Commentary: Incentives for Safety in the Oil Drilling Industry


Hugh Gorman

Hugh Gorman, a technology historian at Michigan Technological University, has written a book on the history/evolution of pollution control regulations in the industry (Redefining Efficiency: Pollution Concerns, Regulatory Mechanisms, and the U.S. Petroleum Industry, 2001).

Here are some of his thoughts on regulatory policies in general and the current BP situation in particular:

  • Technology and policies evolve together. While it's inevitable to assign guilt in a horrible disaster like this, Gorman says it's also very typical for industry advances to outpace regulations, which then play catch-up. The Valdez spill, for example, led to many changes in tanker regulations.

  • In the case of the BP spill, the move to deep water drilling made blow-out protectors (which started out as a safety device on land) less useful. On land and in shallow water, blow-out protectors can be easily serviced and tested.

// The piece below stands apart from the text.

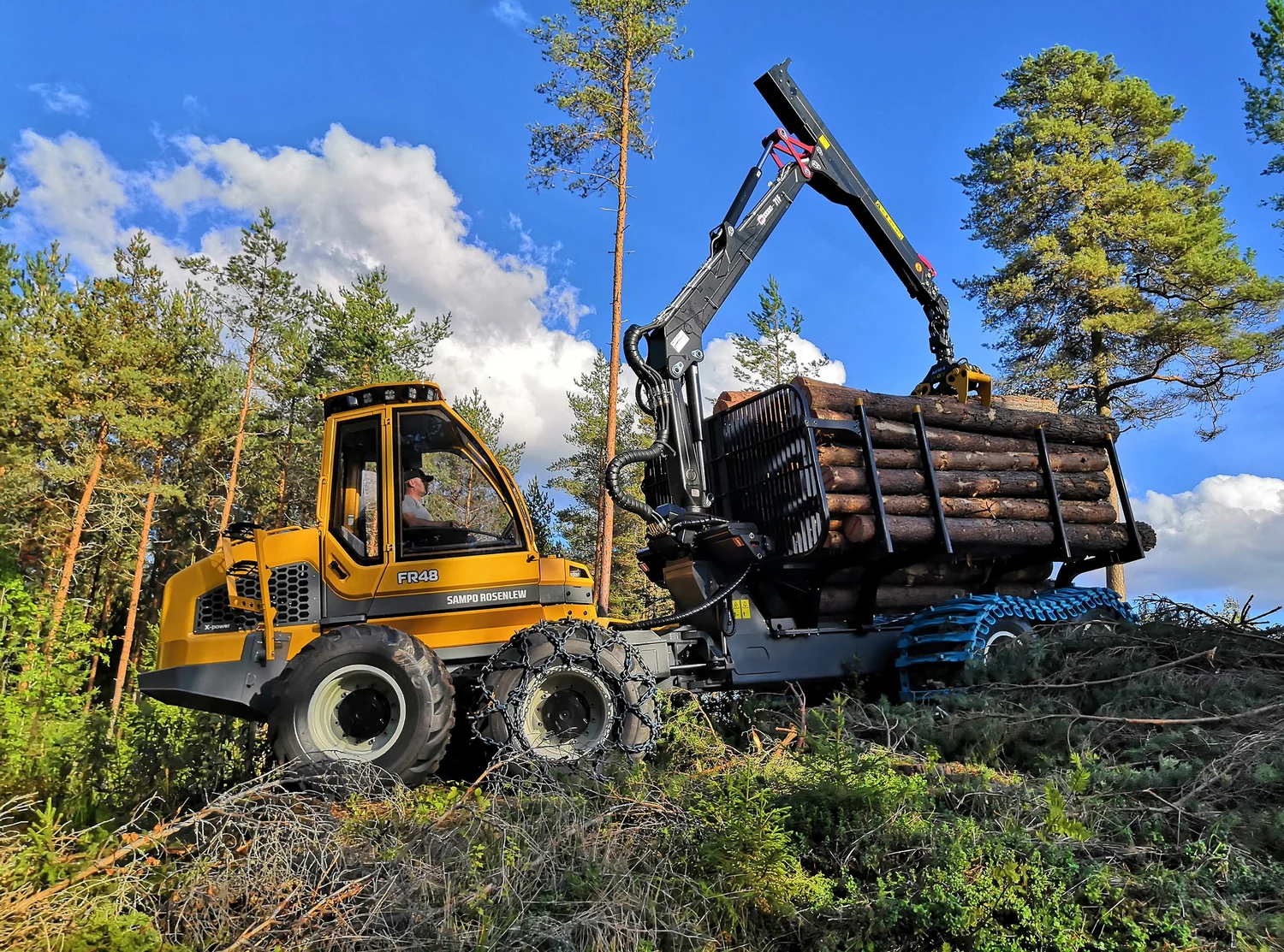 FR28-skotaren är en specialmaskin för gallring och mjuka avverkningsförhållanden. Med en lastkapacitet på 10 ton är den väl anpassad för att samarbeta med skördaren SAMPO-ROSENLEW HR46x. Dess låga vikt, stora styrvinkel och många andra egenskaper gör den till ett tekniskt och ekonomiskt överlägset val för gallring och avverkning på mjuka marker.

A mile under water, though, is a completely different environment and the design of blow-out protectors has not kept up.

    Because it is a safety technology (and not critical to production), companies have had no strong incentives to rethink its design and role. They certainly have the incentive now.

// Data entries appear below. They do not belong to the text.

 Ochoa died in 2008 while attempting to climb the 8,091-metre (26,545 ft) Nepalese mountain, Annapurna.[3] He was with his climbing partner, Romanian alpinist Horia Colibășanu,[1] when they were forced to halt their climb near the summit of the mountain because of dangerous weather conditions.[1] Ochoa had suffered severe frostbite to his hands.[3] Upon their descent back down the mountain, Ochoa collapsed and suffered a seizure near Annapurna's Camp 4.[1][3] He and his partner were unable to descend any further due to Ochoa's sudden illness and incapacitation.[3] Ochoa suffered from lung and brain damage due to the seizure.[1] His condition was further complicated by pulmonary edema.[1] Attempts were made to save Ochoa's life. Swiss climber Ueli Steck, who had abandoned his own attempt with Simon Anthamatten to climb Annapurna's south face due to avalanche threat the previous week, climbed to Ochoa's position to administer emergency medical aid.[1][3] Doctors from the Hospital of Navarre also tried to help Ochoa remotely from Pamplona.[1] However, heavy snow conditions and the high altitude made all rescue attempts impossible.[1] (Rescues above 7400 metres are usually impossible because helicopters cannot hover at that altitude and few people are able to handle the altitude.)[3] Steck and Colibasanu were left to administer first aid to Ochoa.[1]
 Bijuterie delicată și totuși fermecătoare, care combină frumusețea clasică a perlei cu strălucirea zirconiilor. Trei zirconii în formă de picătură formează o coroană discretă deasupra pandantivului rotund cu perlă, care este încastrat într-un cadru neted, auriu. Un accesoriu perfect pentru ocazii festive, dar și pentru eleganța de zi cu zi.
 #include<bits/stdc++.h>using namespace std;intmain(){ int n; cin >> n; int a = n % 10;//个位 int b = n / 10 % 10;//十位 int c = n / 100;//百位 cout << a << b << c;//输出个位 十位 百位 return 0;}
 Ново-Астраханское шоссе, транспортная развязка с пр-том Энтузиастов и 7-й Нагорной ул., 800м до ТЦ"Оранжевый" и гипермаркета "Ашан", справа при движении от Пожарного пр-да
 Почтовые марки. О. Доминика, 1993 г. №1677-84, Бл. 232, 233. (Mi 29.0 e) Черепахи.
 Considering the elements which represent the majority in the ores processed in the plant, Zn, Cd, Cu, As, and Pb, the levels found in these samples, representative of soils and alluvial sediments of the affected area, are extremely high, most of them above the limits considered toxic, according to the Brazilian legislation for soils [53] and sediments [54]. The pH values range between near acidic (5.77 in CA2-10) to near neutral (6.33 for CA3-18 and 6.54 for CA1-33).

  • Technological failures are never due to one thing failing. Systems fail. So the regulatory focus should not only be on blow-out protectors but on the whole system. Again, while technologies to get the oil out of the ground have been evolving rapidly, safety technologies and regulations have not kept pace with the level of risk.

  • All innovation involves trial and error, a step into the unknown. This applies to policy innovations as well as technological innovations. In fact, designing effective regulations is as creative and difficult as designing effective technologies. Regulatory changes should have a period of review built in. In five years, for example, people should ask, are the regulations working?

  • The important thing is to start the process of review and reform. The National Academies of Science and Engineering are great at doing studies that get the ball rolling.

    If regulations are effective, companies will innovate in ways that make it easier to meet those regulations. Refinery technology, for example, has been transformed over the last 50 years due to effective pollution control regulations.

  • It is always possible to make technologies safer. It is simply a matter of cost. For example, you could require two blow-out protectors or a parallel hole. (Gorman isn't recommending this, just offering examples of expensive approaches.)